OCTV – Open Circuit Television

Live-Video Installation
Camera, Projector, maxMSP
2022

Exhibited at Floating Projects in Hong Kong in December 2022
https://www.floatingprojectscollective.net/art-notes/tool-being-1

OCTV, or Open-Circuit Television is a play on the term CCTV commonly used for video surveillance. CCTV, or closed-circuit television, is meant to operate in a closed system only transmitting to a single or a small set of monitors within this system.

Drawing from my continuous examination of my own relation to the city and the public realm and the way I as an individual appear within this realm, the video installation aims to address issues of appearance and individualization. Living in a city the individual naturally becomes anonymized by its vastness and masses of people. The CCTV camera’s purpose is to revoke this natural anonymizing notion of the city, making people appear, re-individualizing and identifying them.

The artwork breaks this closed circuit open, manipulating the live video signal coming from the camera to remove any features that could identify persons as who they are. Instead, the features are replaced with procedurally generated static noise, an anonymous image. The noise generation is triggered by motion within the frame to visualize the physicality of the process, highlighting the working of the technology and how it is not acting independently of us but is very much in constant conversation with us. This effect is amplified by not only generating noise from movement in the frame but also turning this motion into sound. Every time something within the frame moves, random notes are played on a virtual keyboard. We can experience how visual and oral information are not two separate streams of information but very closely connected in the medium of video.

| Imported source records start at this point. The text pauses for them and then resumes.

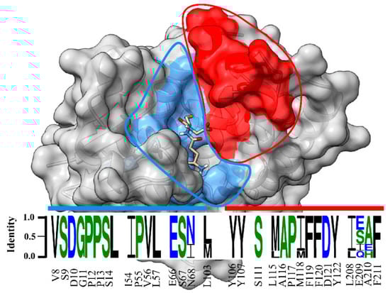 Sequence logo of amino acids in the substrate binding pocket of unclassified insect GSTs. Sequence identity is represented by the letter size. Amino acid number and type label on x-axis is representative of the LdGSTu1 sequence. The sequence logo is overlayed on a surface representation of LdGSTu1. The G-site is colored in cornflower blue and the H-site is colored in red. Residues in the sequence logo are separated by signature motifs identified in the substrate binding pocket region of LdGSTu1 upon multiple alignment with other unclassified insect GSTs. Sequences used for the multiple sequence alignment are the unclassified GST sequences from phylogenic analysis (Table S3). Sequence logo was generated with WebLogo 3 (http://weblogo.threeplusone.com/manual.html, accessed on 2 October 2021).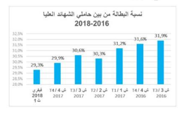 أما بخصوص حاملي الشهائد العليا، فقد تراجعت نسبة العاطلين عن العمل في غضون سنة واحدة من 31.2 بالمائة إلى 29.3 بالمائة في الثلاثي الأول لسنة 2018.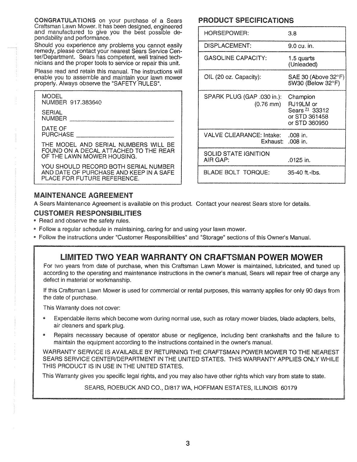 Craftsman 917383640 User Manual LAWN MOWER Manuals And Guides L0903678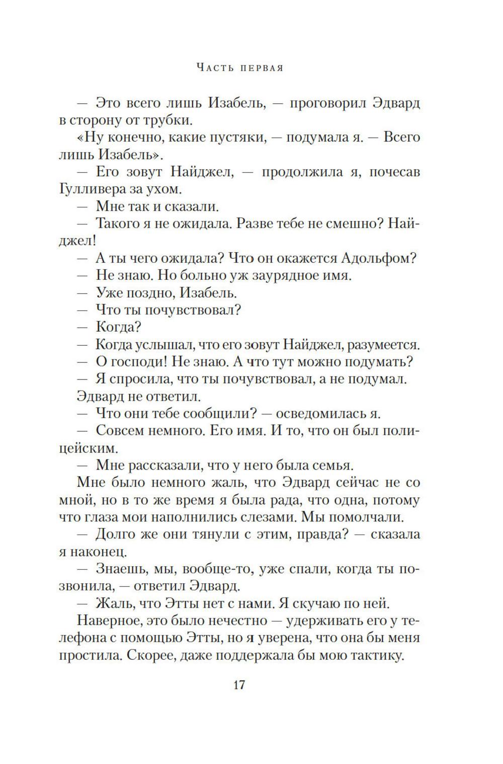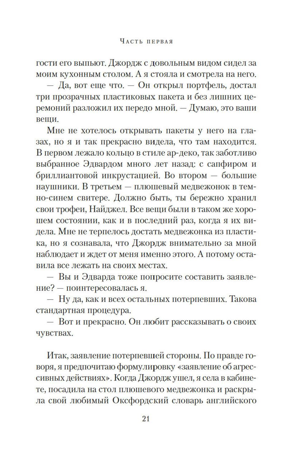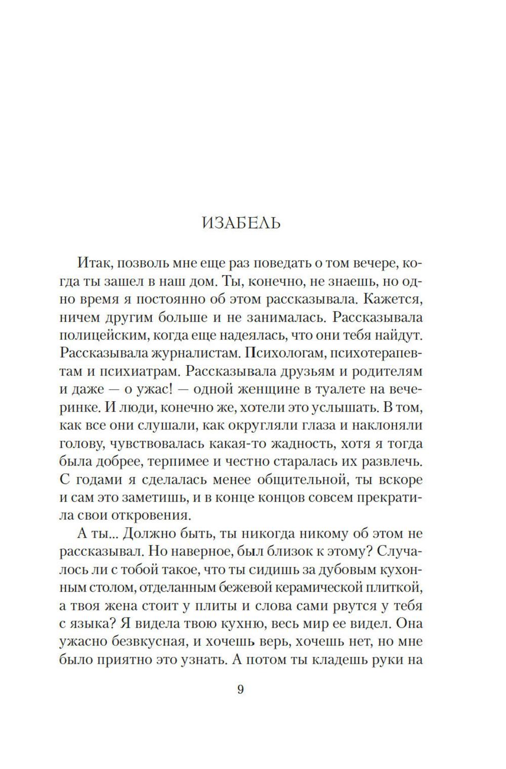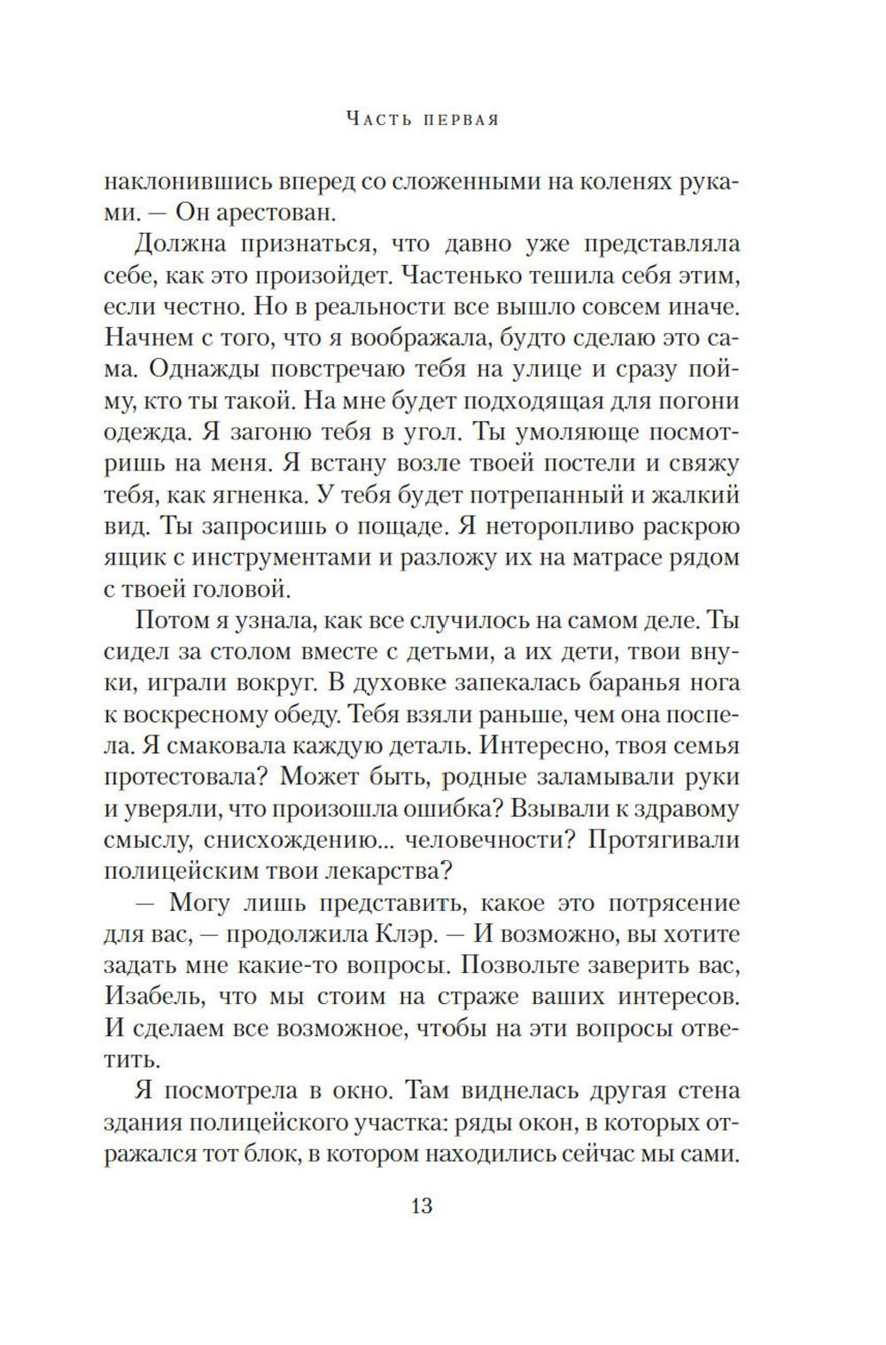 Маньяк внушал ужас всему Южному Лондону, проникая в дома к семейным парам. Спокойный сон стал роскошью. От каждой тени у двери, от каждой скрипнувшей половицы ладони покрывались липким потом: а вдруг сегодня наш черед? И однажды пришел черед Изабель и Эдварда. Обоим повезло: они остались живы. Но то, что связывало их, умерло. ЭТО ИСТОРИЯ О МОЛЧАНИИ Ту ночь они почти не обсуждают, но оба знают: тогда их брак дал трещину. Стыд, вина, невысказанные обиды и недомолвки превратили трещину в зияющую пропасть. Но вот преступник пойман, близится суд. Решатся ли Изабель и Эдвард открыто говорить о нападении перед столькими людьми, а главное - друг перед другом? ЭТО ИСТОРИЯ О ЛЮБВИ Готовясь выступить в суде, Изабель составляет подробные показания. И постепенно сквозь повествование, проникнутое ужасом и болью, проступает совсем другая история - история неидеальной, но подлинной любви, история жизни, полной ошибок, но стоящей каждого дня...| Издательство | Азбука |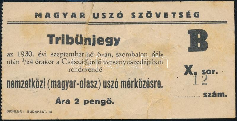 1930 Magyar Úszó Szövetség tribünjegy magyar-olasz mérkőzésre, tépett https://www.darabanth.com/de/387-Fernauktion/387.0/Kunst-Dokumente-andere-Sammelgebiete/Dokument~20/1930-Magyar-Uszo-Szovetseg-tribunjegy-magyar-olasz-merkozesre-tepett~II2319105
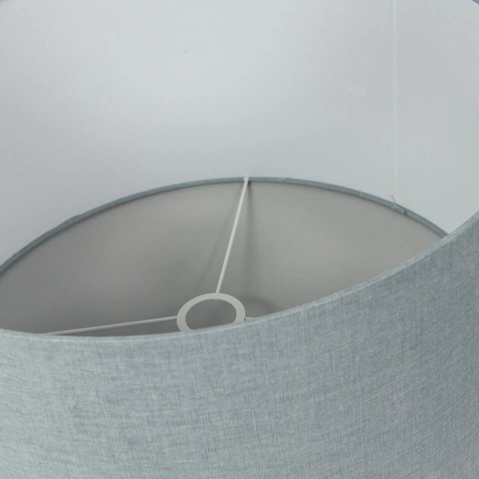 Maak je lamp helemaal af met deze lichtblauwe/grijze lampenkap! Met deze lampenkap kan je jouw vloerlamp of hanglamp voorzien van een sfeervol uiterlijk waarbij de stoffen kap als sfeermaker fungeert. De afmetingen van deze kap: een diameter van 50 cm en een hoogte van 25 cm. Hij heeft een E27 fitting. Zorg nog voor een armatuur en lichtbron en je lamp is compleet en klaar om te stralen in jouw interieur. Zorg voor meer sfeer in huis met deze lampenkap!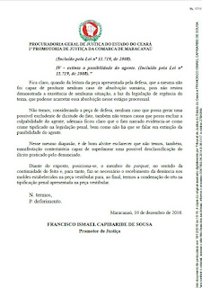 Veja a decisão do MINISTÉRIO PÚBLICO ESTADUAL abaixo, uma a uma: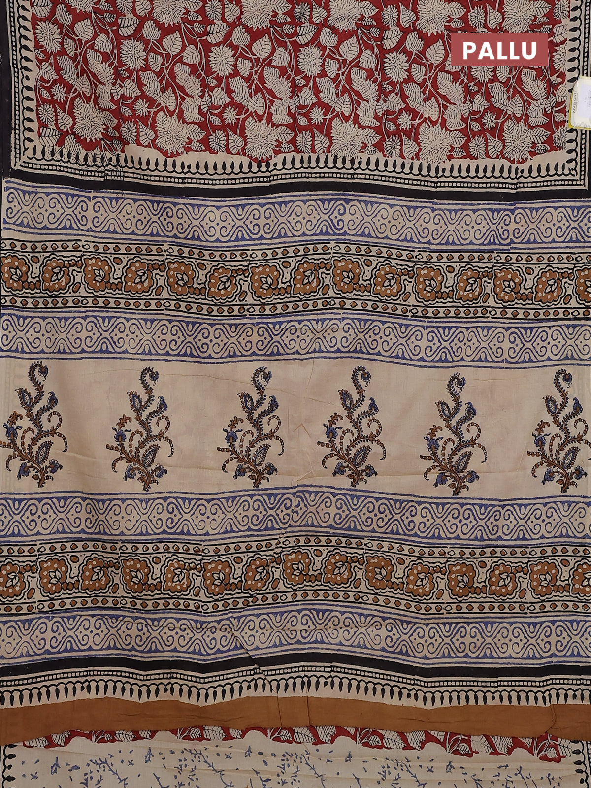 Jaipur cotton saree maroon and black with allover kalamkari prints and printed border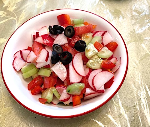 1/2 red bell pepper, 1 green pepper, 8 radishes, and a can of sliced black olives.
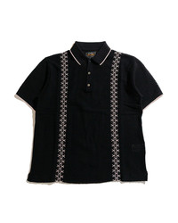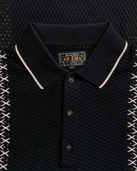Knit Polo Mesh Stripe Black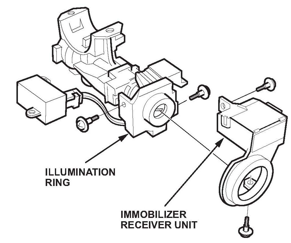 14. Remove the immobilizer receiver unit from the ignition switch body, and disconnect the receiver unit connector.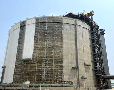 北燃天津南港LNG應(yīng)急儲(chǔ)備項(xiàng)目的薄膜型LNG儲(chǔ)罐是目前全球最大的陸上LNG薄膜罐,是為北京市提供安保用氣、加速京津冀一體化的重點(diǎn)項(xiàng)目,我司承攬此項(xiàng)目二、三階段共計(jì)六臺(tái)薄膜罐的防潮層施工工作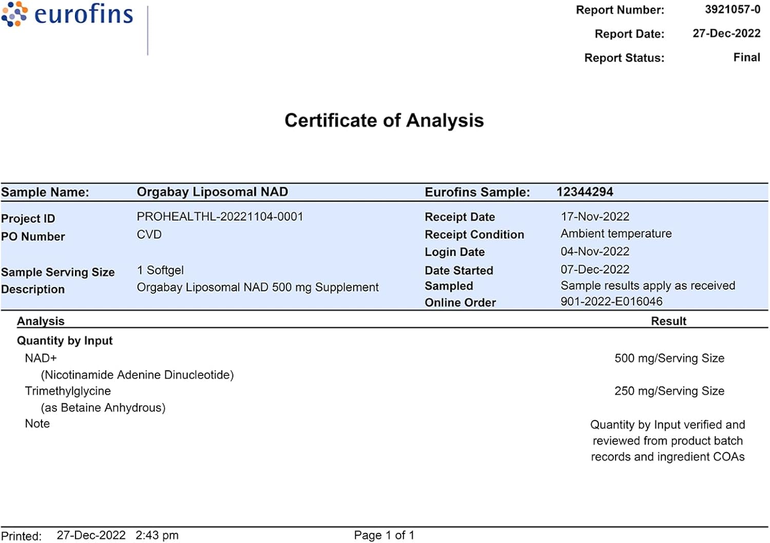 High Dose, Powerful Formulas - We offer you 500 mg NAD+ plus 250 mg TMG per softgel while most NAD+ supplements just have low doses of 150 mg, 200 mg, 300 mg NAD+. Trimethylglycine (TMG) has been proved that it is a key factor in cell NAD+ production, helping maintain a healthy methylation cycle. We add 250 mg TMG to our liposomal NAD+ to ensure your good health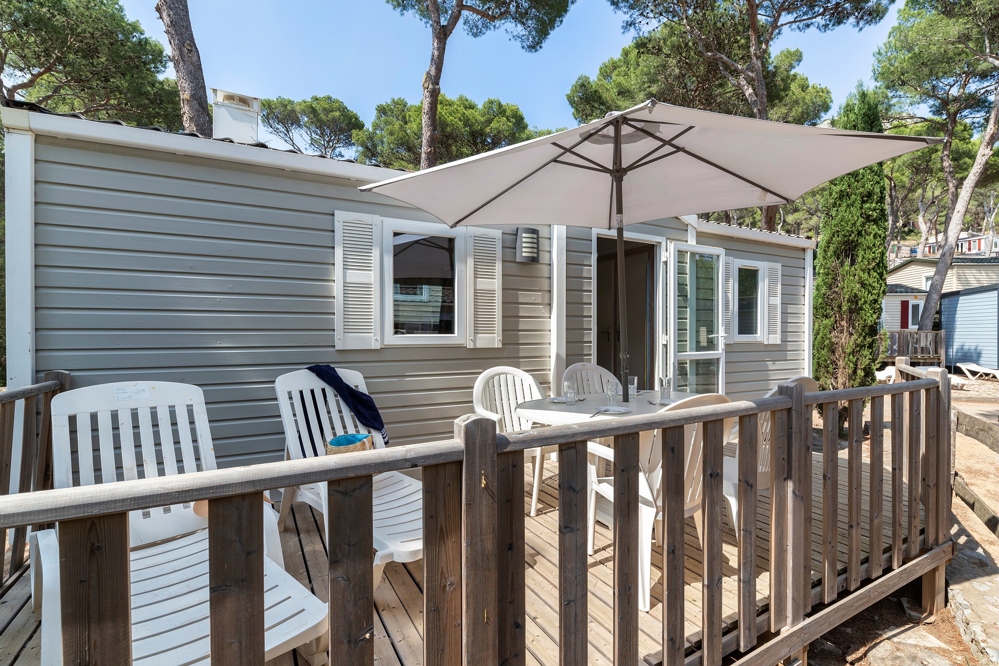 - Træterrasse, med parasol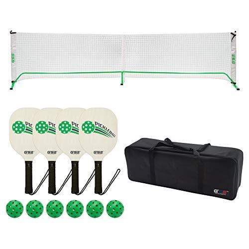 - The complete set includes a pickle net, steel support pole frame, 4 hard wood pickleball paddles, 6 official outdoor pickleballs, a heavy-duty nylon carrying bag, and assembly and rules instructions.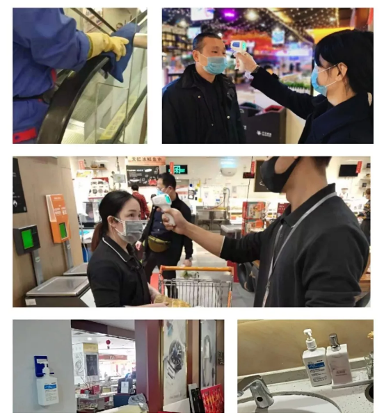 由于網(wǎng)上“配送到家”服務(wù)訂單量的劇增,在保障網(wǎng)上訂單及員工的安全性方面,蘇寧家樂(lè)福也做了十足防范措施。首先,蘇寧家樂(lè)福要求所有工作人員一律佩戴口罩,并通過(guò)體溫檢測(cè)才能上崗。其次,門(mén)店每天至少會(huì)在3個(gè)時(shí)間段使用84消毒液對(duì)賣(mài)場(chǎng)所有公共區(qū)域以及辦公區(qū)、員工餐廳等區(qū)域進(jìn)行清潔衛(wèi)生消毒,并對(duì)手提籃、購(gòu)物車(chē)、電梯扶手、垂直梯按鈕每隔2小時(shí)進(jìn)行清潔消毒;再次,賣(mài)場(chǎng)的熟食產(chǎn)品加蓋加罩售賣(mài),安排專人看管,禁止顧客直接用手觸摸,停止提供“試吃”及“餐飲堂食”服務(wù)。所有快遞、外賣(mài)小哥必須佩戴口燥,并通過(guò)體溫檢測(cè),在門(mén)店入口用消毒凝膠清潔后方可提貨。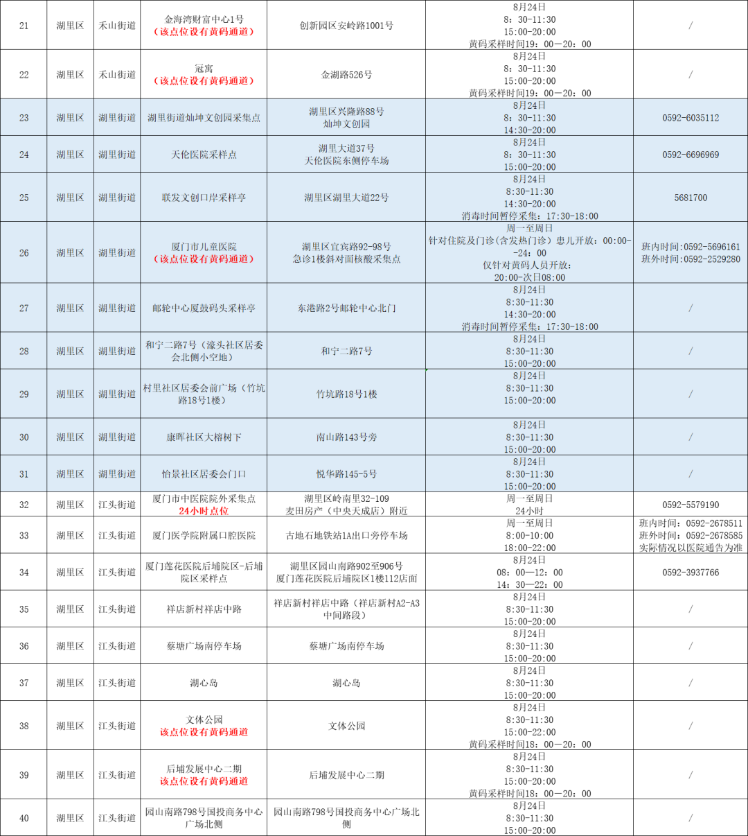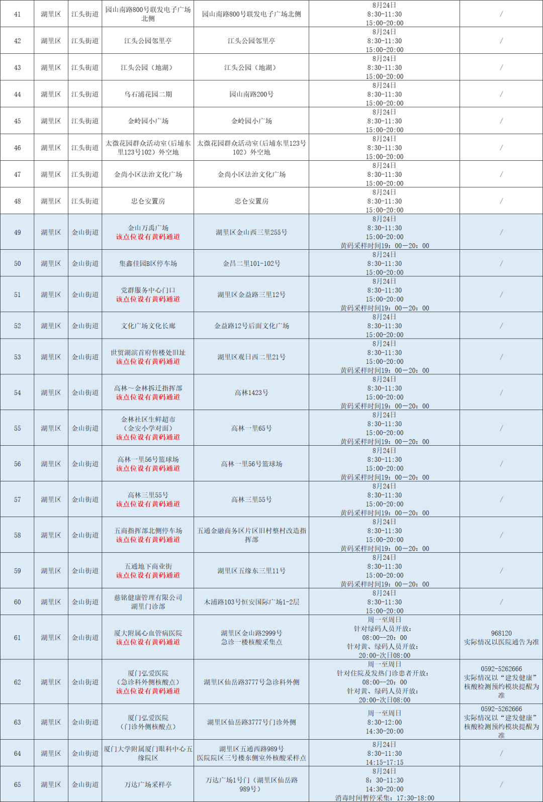 8月24日厦门6区免费核酸检测地点+时间汇总(2022年)

To fully break open the closed-circuit nature of surveillance and CCTV the live feed of this installation was streamed live to Twitch (twitch.tv), making the intended for closed circuit video available to virtually everyone on the internet, creating the name giving open circuit.

The artwork uses the software Max MSP to take the live video input and create a difference map for motion detection and an alpha matte to replace the non-white parts of the image with the procedural generated noise. The noise and sound generation are triggered by taking the mean value calculated by the difference map. Whenever a set threshold is crossed, the noise and sound would generate new iterations until the value falls below the threshold again. The more motion within the frame, the more difference between two frames, the higher the calculated mean value. This information is used to control the attack and velocity of the generated sound, meaning that more motion creates louder sounds and vice versa.

OBS (Open Broadcaster Studio) is used to live stream and capture the processed video.